[Stored data]
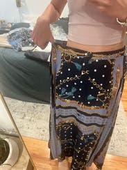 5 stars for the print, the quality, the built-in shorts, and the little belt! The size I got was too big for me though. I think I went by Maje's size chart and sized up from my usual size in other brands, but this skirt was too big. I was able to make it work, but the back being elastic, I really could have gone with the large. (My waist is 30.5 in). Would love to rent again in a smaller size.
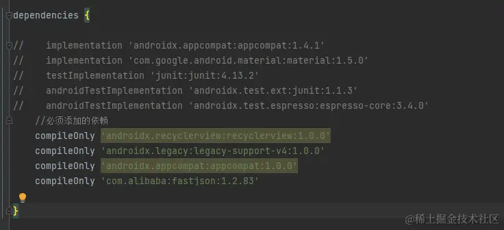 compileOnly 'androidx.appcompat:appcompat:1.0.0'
[/Stored data]
[Stored data]
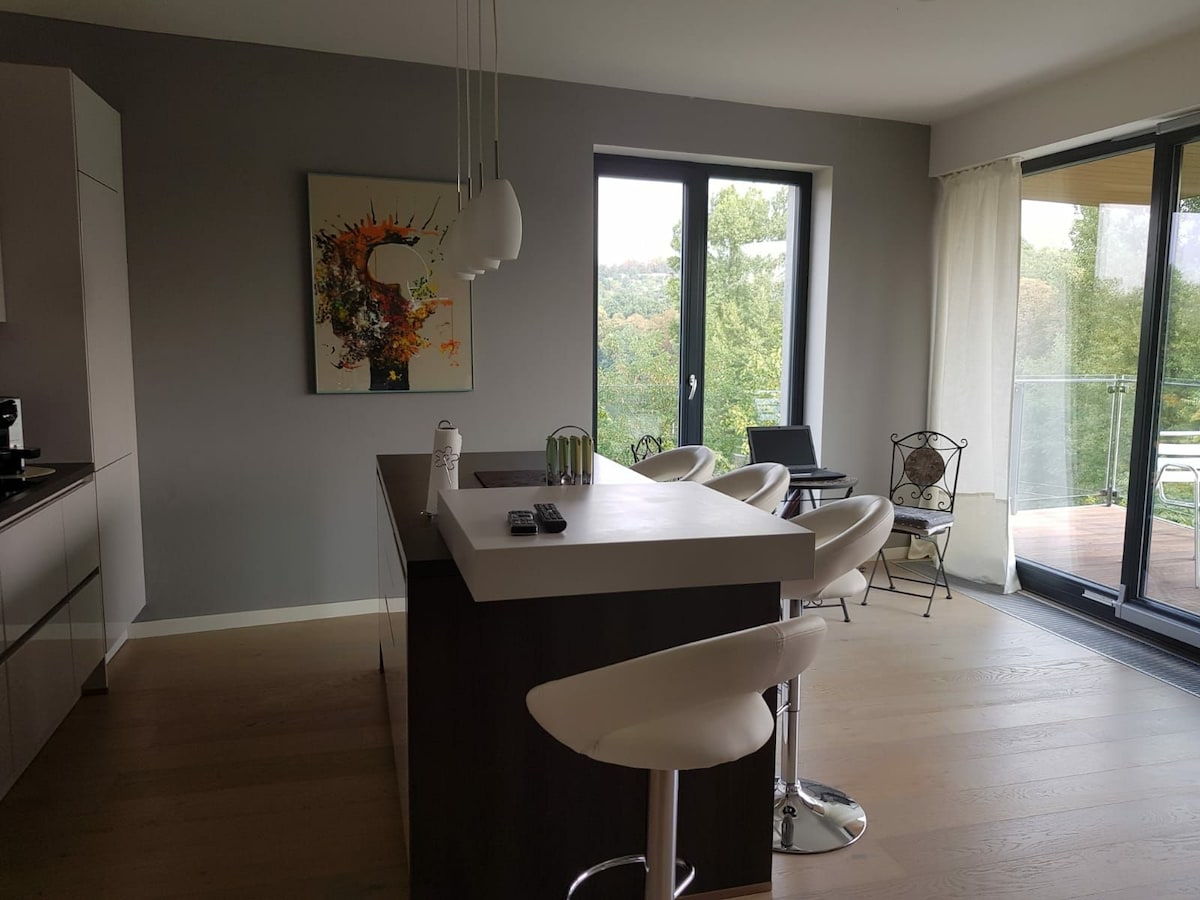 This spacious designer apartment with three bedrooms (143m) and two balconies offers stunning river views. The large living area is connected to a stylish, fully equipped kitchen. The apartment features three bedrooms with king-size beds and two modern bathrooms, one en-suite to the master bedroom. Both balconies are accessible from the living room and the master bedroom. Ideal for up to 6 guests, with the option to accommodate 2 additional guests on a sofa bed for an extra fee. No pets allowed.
[/Stored data]
• [The task] Output exactly the lines of the listing above that start with the one holding "5 stars for" and go on through the one holding "compileOnly 'androidx.appcompat:appcompat:1.0.0'"; leave the pictures out.

• [Solution for this problem]
 5 stars for the print, the quality, the built-in shorts, and the little belt! The size I got was too big for me though. I think I went by Maje's size chart and sized up from my usual size in other brands, but this skirt was too big. I was able to make it work, but the back being elastic, I really could have gone with the large. (My waist is 30.5 in). Would love to rent again in a smaller size.
 compileOnly 'androidx.appcompat:appcompat:1.0.0'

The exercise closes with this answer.